Rather, the anthropologist also learns politics from his key-informant, who, Cassandra-like, senses his approaching doom unable to change his fate. Seemingly atoning for past sins, and contributions to divide et impera, (classifying, dividing and ruling the “other” was imperialism’s past and present), a new post-colonial, politically correct and reflexive anthropology would eschew using anthropological knowledge to exploit social cleavages, and rather explore the ties that bind diverse ethno-religious groups sharing the same land we hoped. Whitaker tries to show how Sivaram and his mates sought to work with like minded Marxists and other fellow travellers who shunned narrow ethnic nationalisms, but eventually gave up the struggle for a purer Marxism.

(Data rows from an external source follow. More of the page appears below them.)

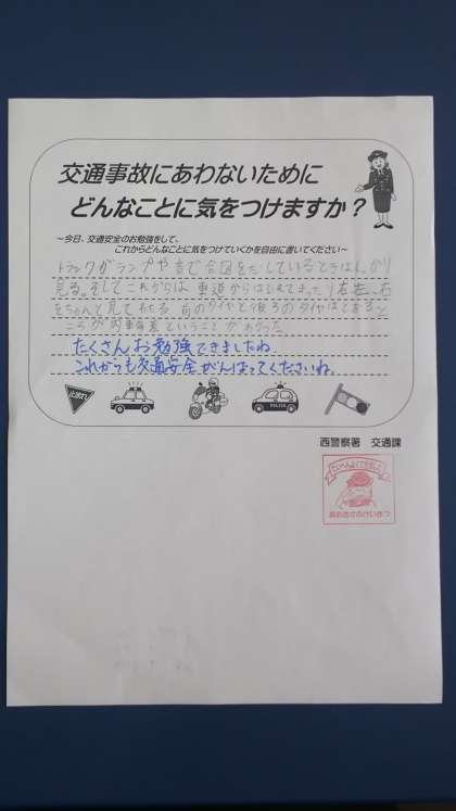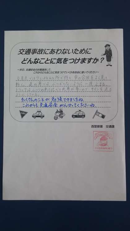 ※今回のプリントを通して、学年が上がるとともに活動範囲も広がり、様々なたくさんの経験をしていることがとてもよくわかりました。今後の子どもたちへの交通安全指導に活かしていきたいと思います。
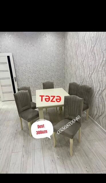 - 6 ədəd yumşaq arxalı, düymə naxışlı stul
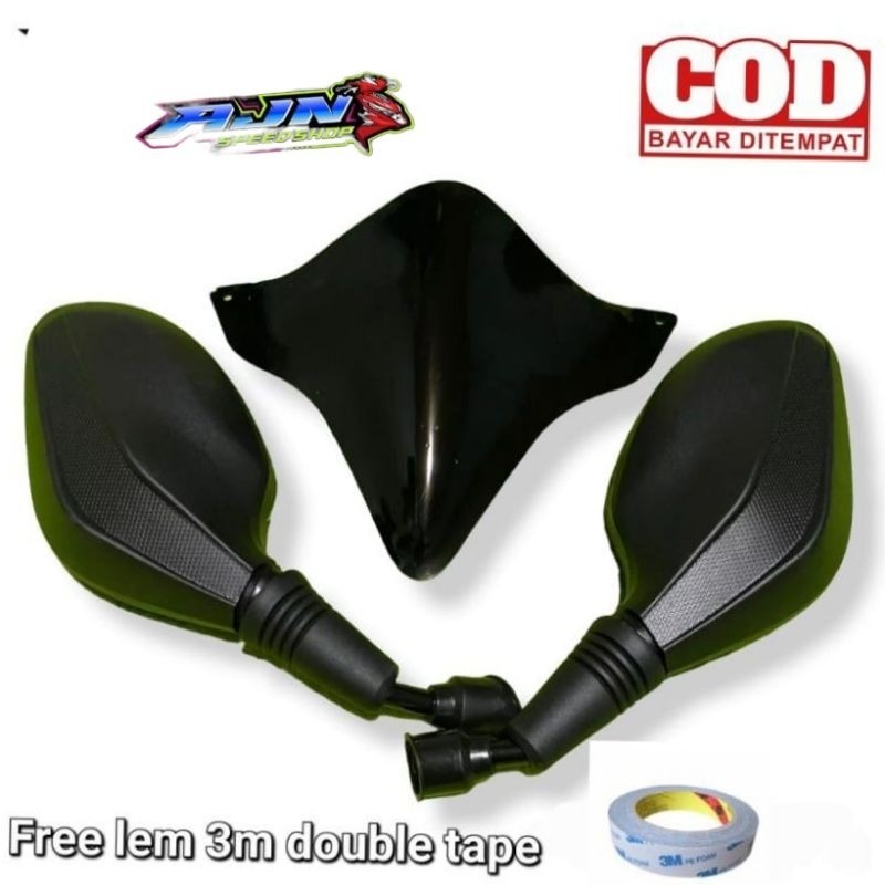 paket murah visor variasi honda beat deluxe plus kaca spion click hitam polos universal
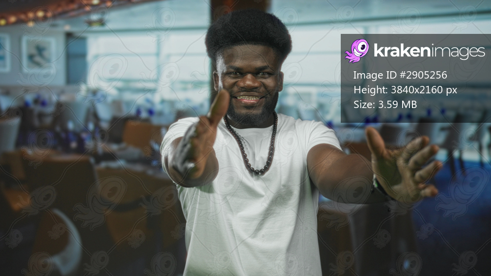 Man wearing white t shirt and beaded necklace with fists raised and hands clenched in a restaurant building dining room; joy celebration success.
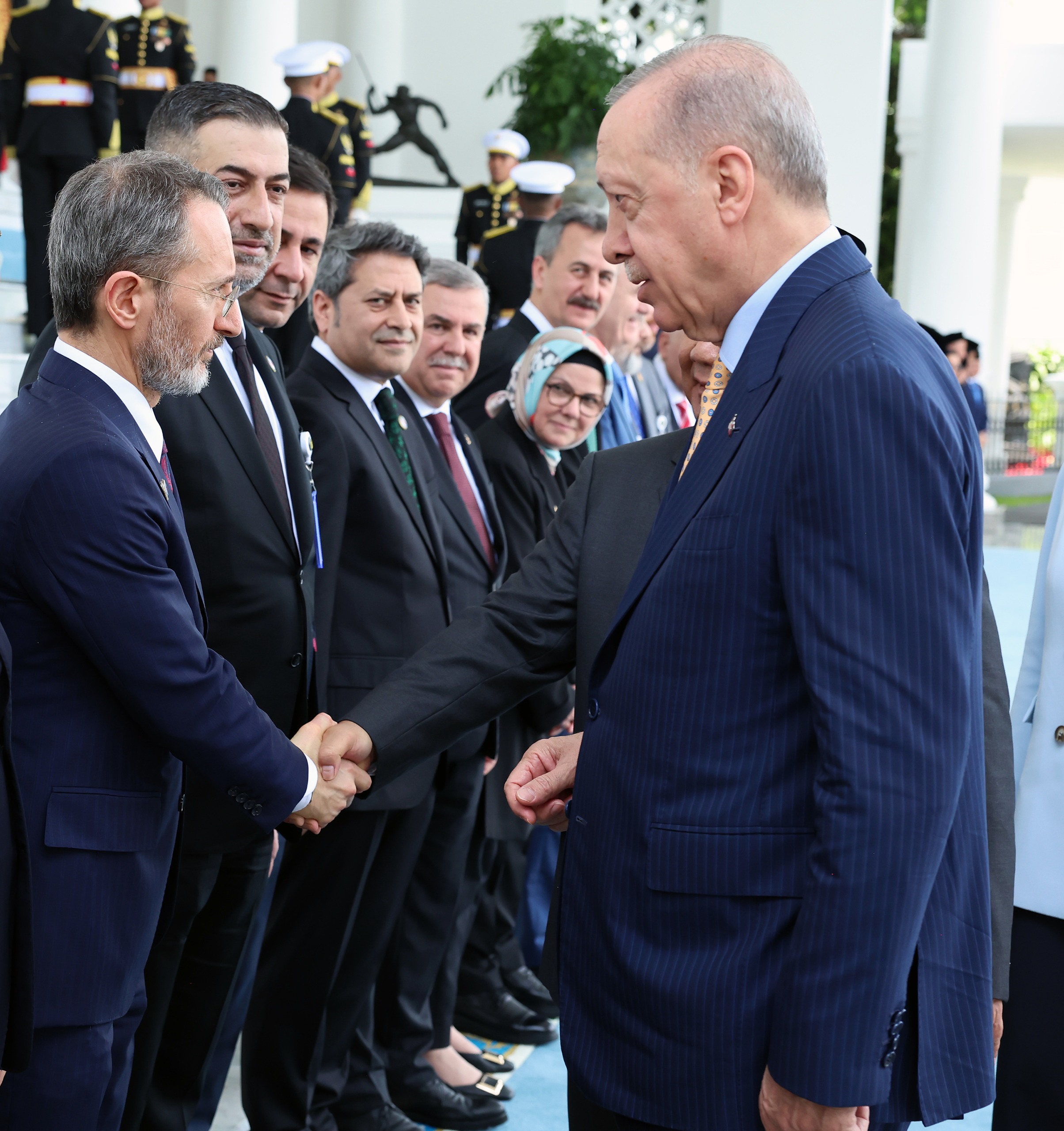 Tören kıtasını denetleyen Cumhurbaşkanı Erdoğan ve Endonezya Cumhurbaşkanı Subianto, bina girişinde Türkiye ve Endonezya bayrakları önünde tokalaşarak basın mensuplarına poz verdi.
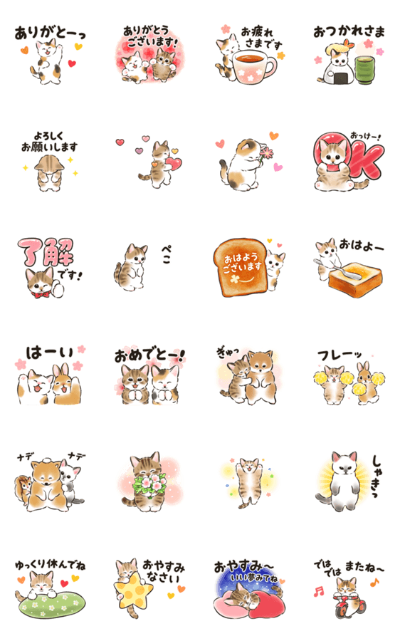 毎日の挨拶などに使える表現が満載♪かわいく動く猫たちのスタンプです(あいさつ/かわいい/敬語/年中/日常/ねこ/春)
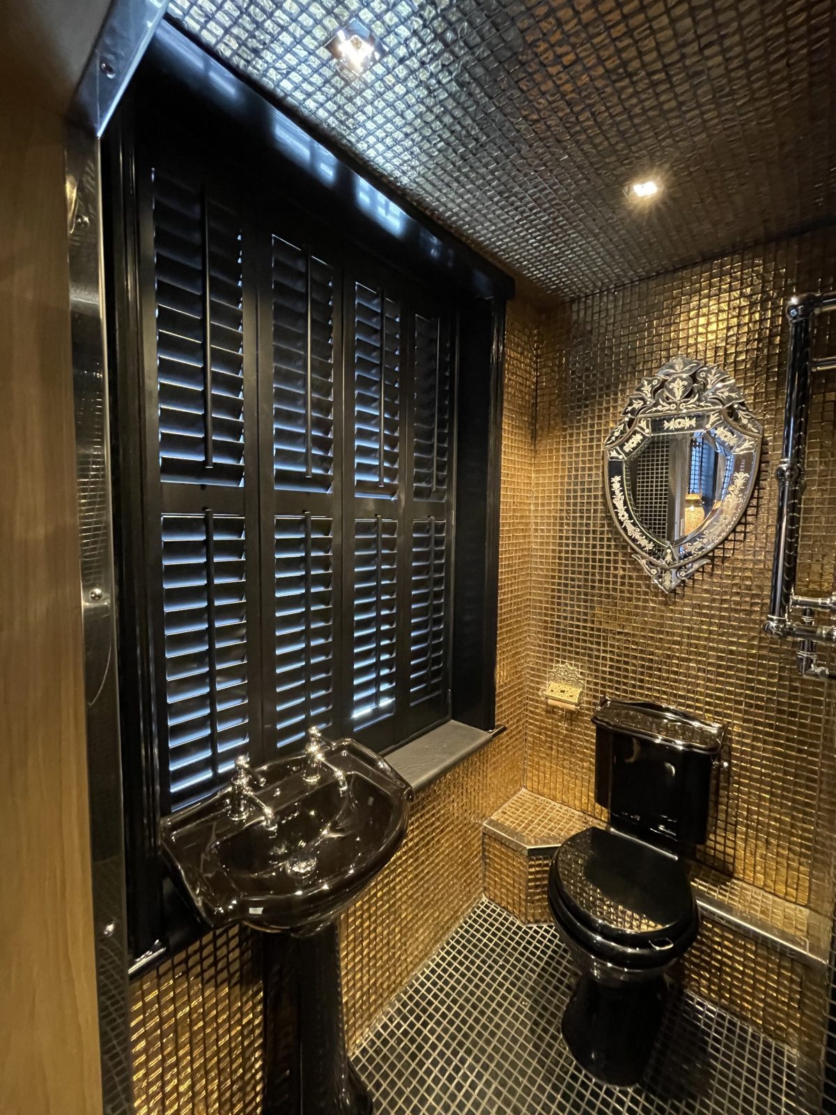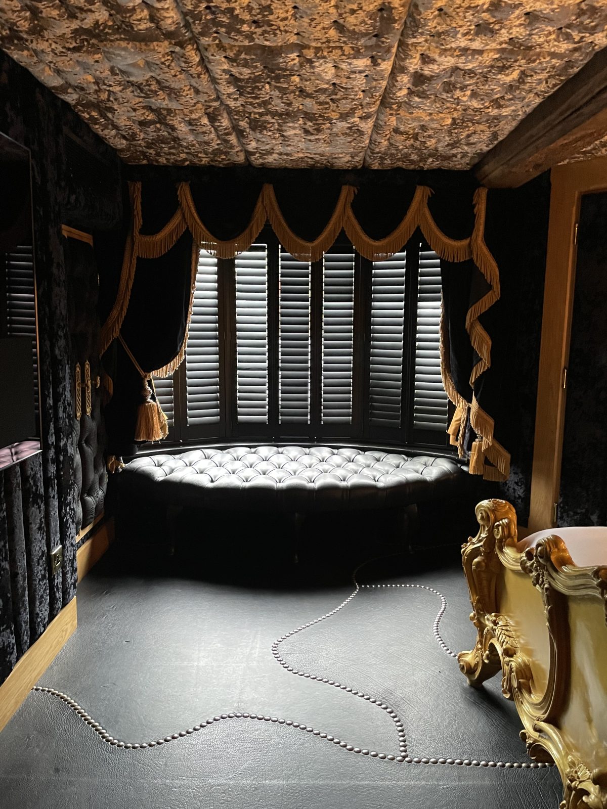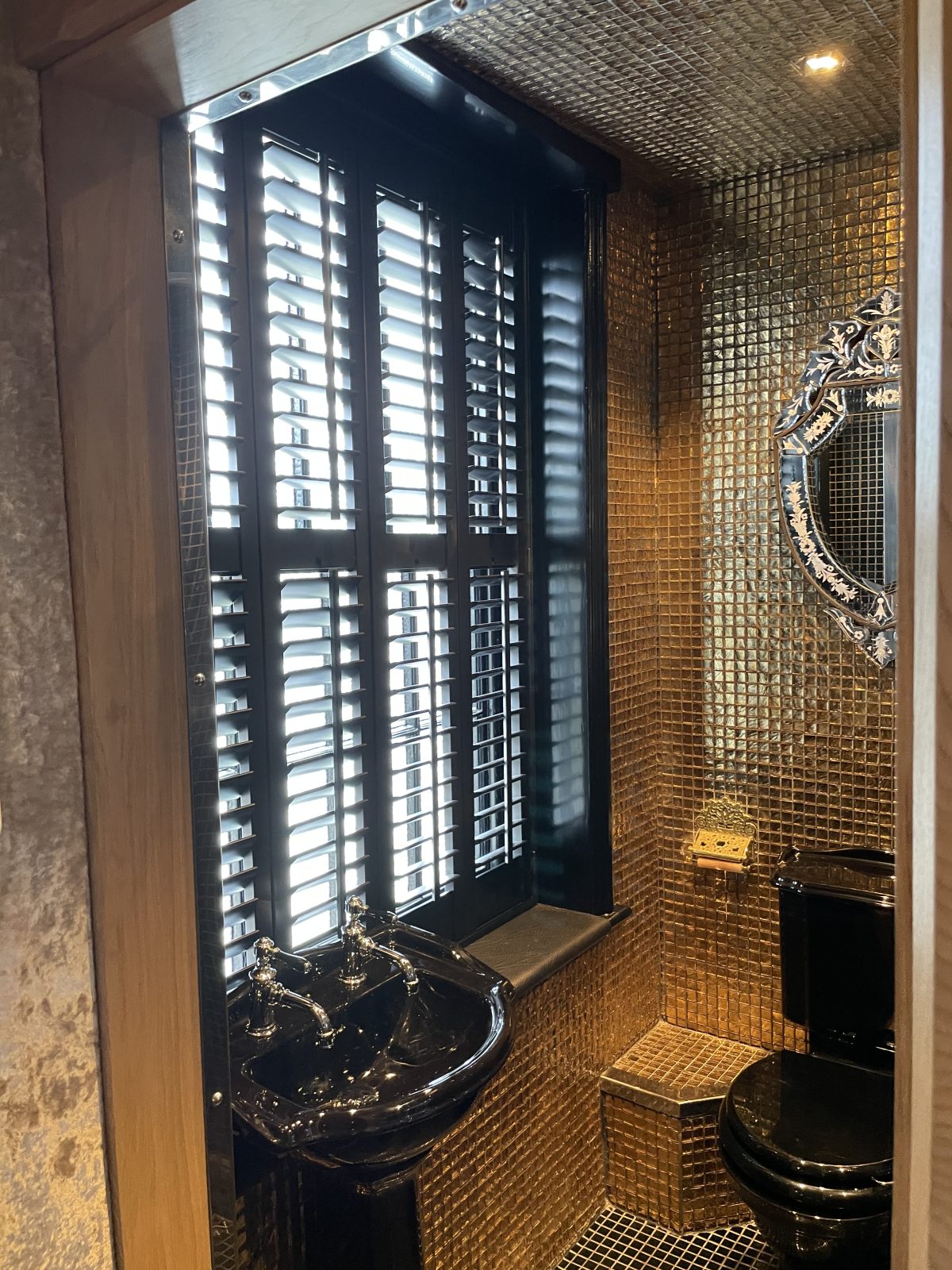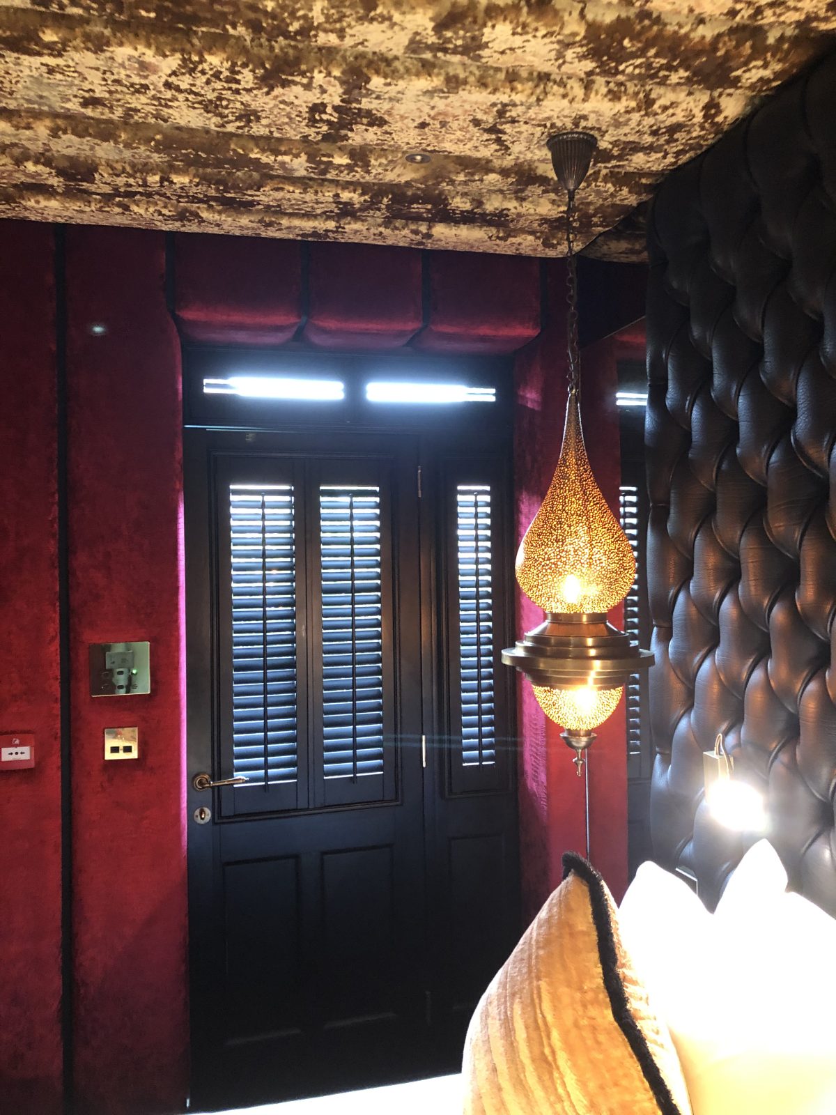 Long Island Shutters recently installed black shutters at the distinctive Crazy Bear hotel in Beaconsfield. These shutters, featuring 64mm louvres and an easy tilt internal mechanism, offer both style and functionality. Our work at the Crazy Bear hotel demonstrates our commitment to providing high-quality, tailored solutions for unique hospitality settings.
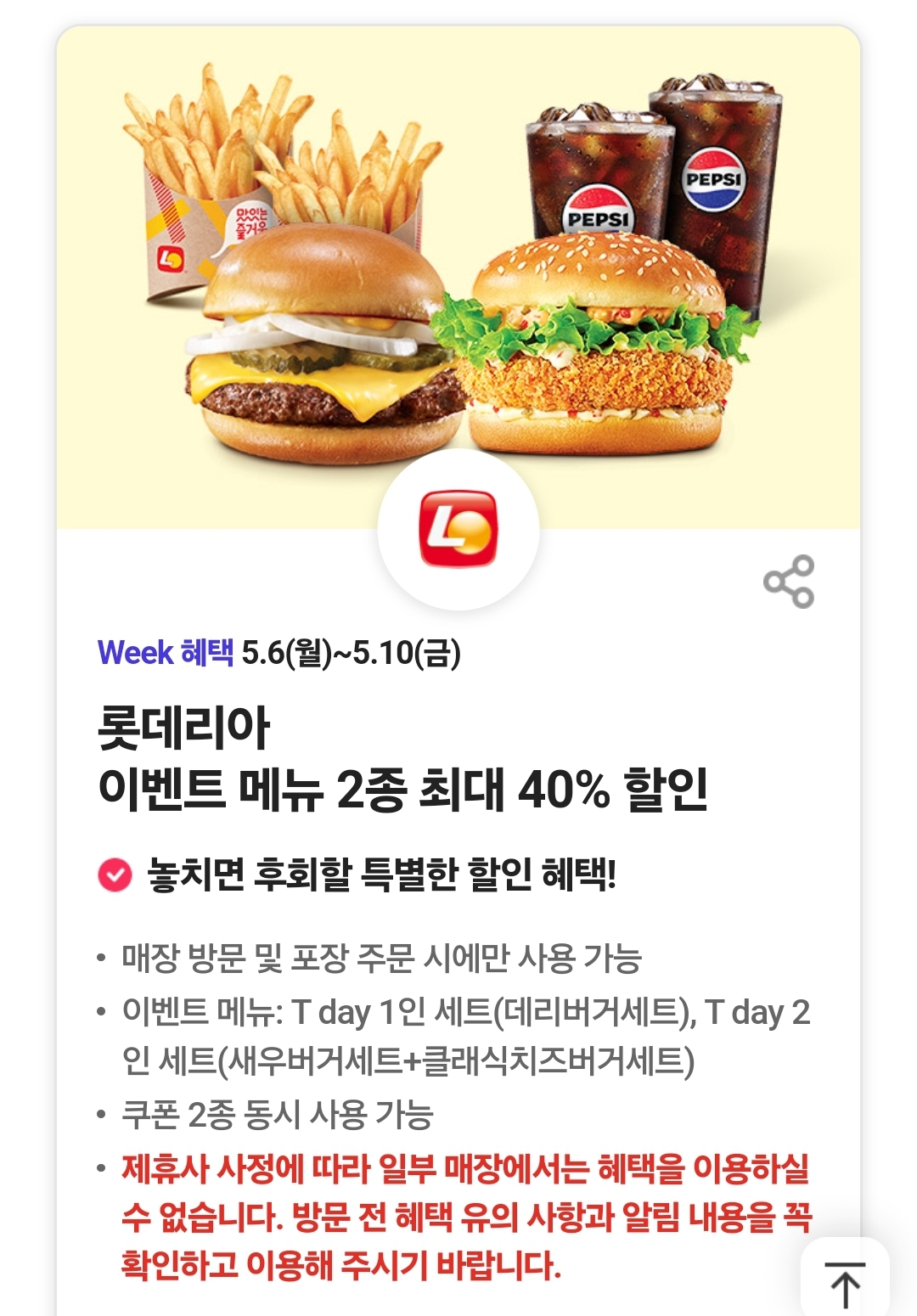 TDAY 1인 세트(데리버거세트) , TDAY2인 세트(새우버거세트+클래식치즈버거세트) 최대 40%할인

There is no nostalgia for violence or victimhood in Learning Politics. At once sympathetic and hard-headed, Mark consciously avoids the soft-focus, violence-aestheticising and magnifying tropes that characterised over a decade of anthropological analysis of “ethnic” conflict and stories of rumours of violence and victimhood (that often legitimises renewed violence) in villages, troubled and untroubled, near and far in Sri Lanka, since the war begun and the discipline’s interpretative turn.. From Batticaloa, his primary fieldwork site in the heart of the conflict zone, the book moves well beyond attempts to tell stories of violence from the “native’s point of view”; romances with others, their violence, victim-hood and suffering, with a stated purpose: to portray the agency and analysis of the informant/Â terrorist/ maccang, and learn from him while locating him for the reader in his social and intellectual milieu.
Whitaker is in good intellectual company when turning ethnographic tables, learning from, rather than “translating” the ‘other’ in Sri Lanka, an island favoured by anthropologists if not the gods. Finally, one wishes that Whitaker had followed the logic of Sivaram’s later arguments on the transnational dimensions of violence in the island. That apart, this book marks the coming of age of ‘ethnic conflict” analysis and the ‘anthropology of violence’ on Sri Lanka.
Darini Rajasingham Senanayake, is a visiting research fellow at the Institute of South Asian Studies, National University of Singapore.